JOYCE: What did you have for breakfast?
JACK: Damned if I can remember. (BEAT) Is it Monday today?
JOYCE: I expect so. (BEAT) What do you fancy for lunch? (BEAT) I really must get my hair cut – I’ll make an appointment next week. (BEAT) I think I’ll get a shower now.
SCENE TWO:
INT: MID-MORNING. JOYCE HAS GONE TO ANSWER THE FRONT DOOR.
JOYCE: (FROSTILY) Oh hello; it’s you, Glenda. I wasn’t expecting you – is it Saturday today?
GLENDA: Yes, it’s Saturday. I tried ringing earlier – but there was no reply.

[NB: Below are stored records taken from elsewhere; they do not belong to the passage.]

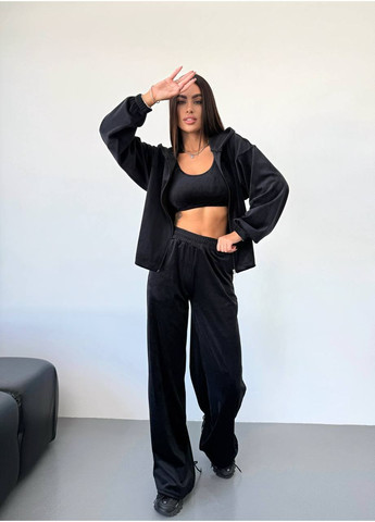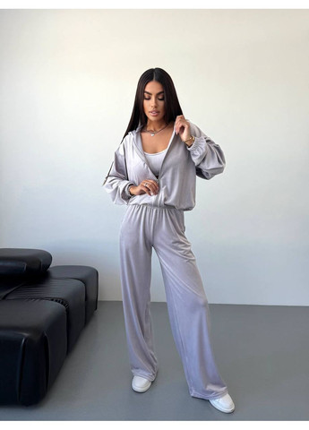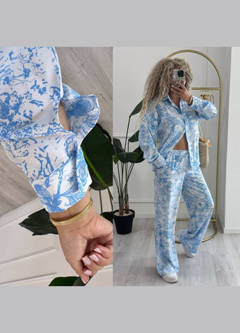 Верхняя часть комплекта имеет удлиненный фасон, спущенную линию плеча, застегивается на пуговицы и дополнена романтическими рюшами по низу. Брюки с высокой посадкой, свободного кроя, на эластичном поясе, что обеспечивает комфорт в течение дня.
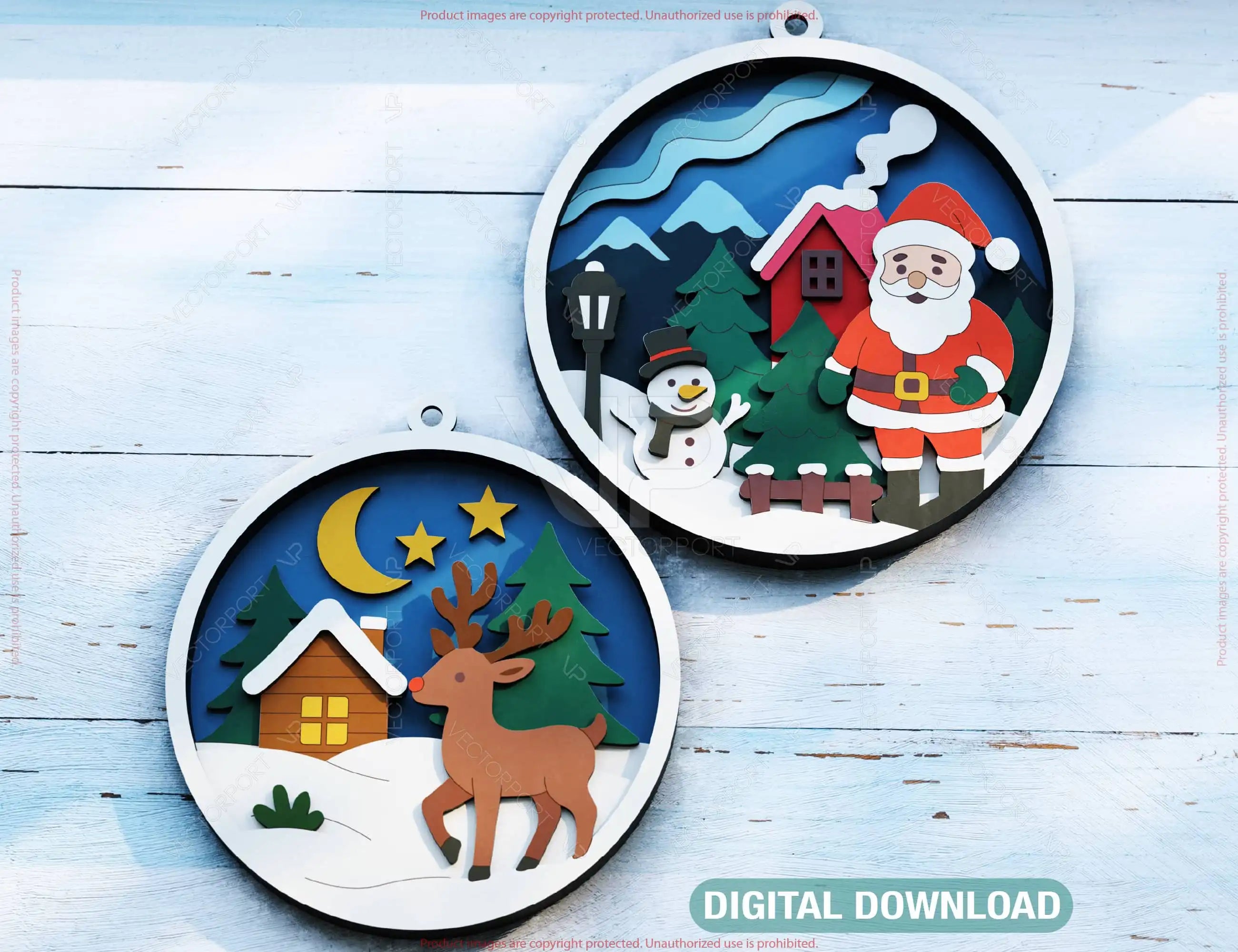 New Year Layered Design | Round 3D Winter Scene with Santa, Snowman SVG | Laser Cut Shadow Box Digital Download |#U600|
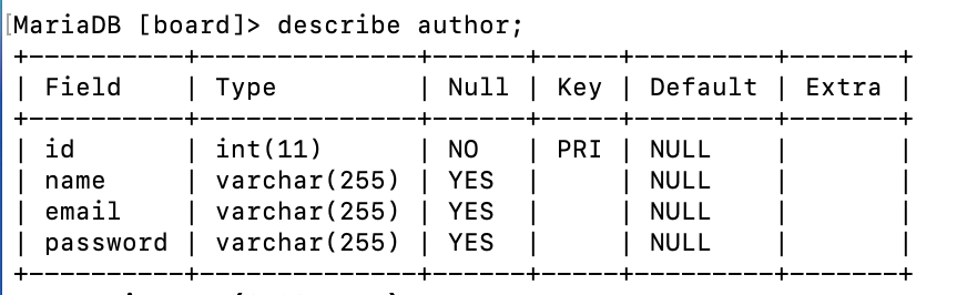 CREATE TABLE 테이블명(id INT PRIMARY KEY, name VARCHAR(255), email VARCHAR(255), password VARCHAR(255));
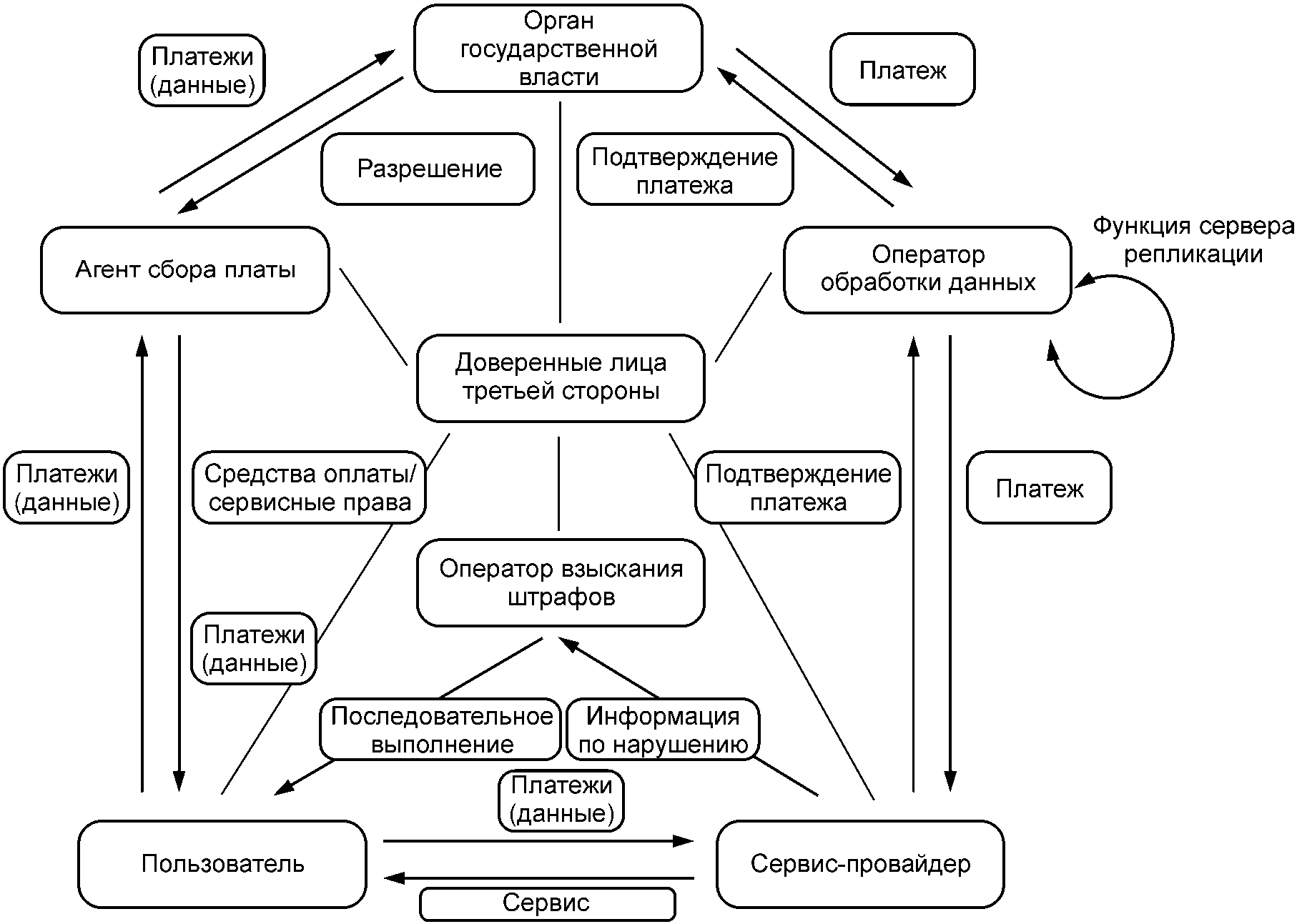 Управление окружающей средой служб сбора платежей охватывает роли, распределенные по классу "роли доверенной третьей стороны" в диаграмме классов UML.

JOYCE: Oh, I was probably out shopping.
GLENDA: (VO) Pull the other one – you haven’t been out shopping since Elvis was breathing. (TO JOYCE) Never mind, I’m here now – shall I put the kettle on?
JOYCE: What a good idea, I fancy a cup of tea. So, how are the girls? We haven’t seen them for a very long while.
GLENDA: (TO JOYCE) Chloe was here in the week, Mum. She made you a nice chicken casserole. (VO) Stop wasting your breath. (TO JOYCE) They are all fine, thanks, except Claire’s a bit worried about these ‘A’ level exams she’s got coming up. If she doesn’t get the grades, she won’t get into her first choice of university so she’s panicking a bit.
JOYCE: That’s nice dear – just hang your jacket on the banister and we’ll go on through to the kitchen.
SFX: COAT BEING FLUNG OVER WOOD, CARRIER BAGS RUSTLING.
JOYCE: Ooh – is that something for me?
GLENDA: I picked up a few bits and pieces on my way here – we’ll make up a proper shopping list in a minute, while we’re having tea. Where’s Dad?
JOYCE: Oh…um…he’s around somewhere. Or maybe he went shopping.
JACK: (OFF) Is that you Glennie? I’m just up here getting dressed. I haven’t been feeling too well…
***
Another corking blog. Thanks Nell- especially for taking the time to write this wonderful piece when you’ve had such a testing month!
Great script!! You should resubmit it.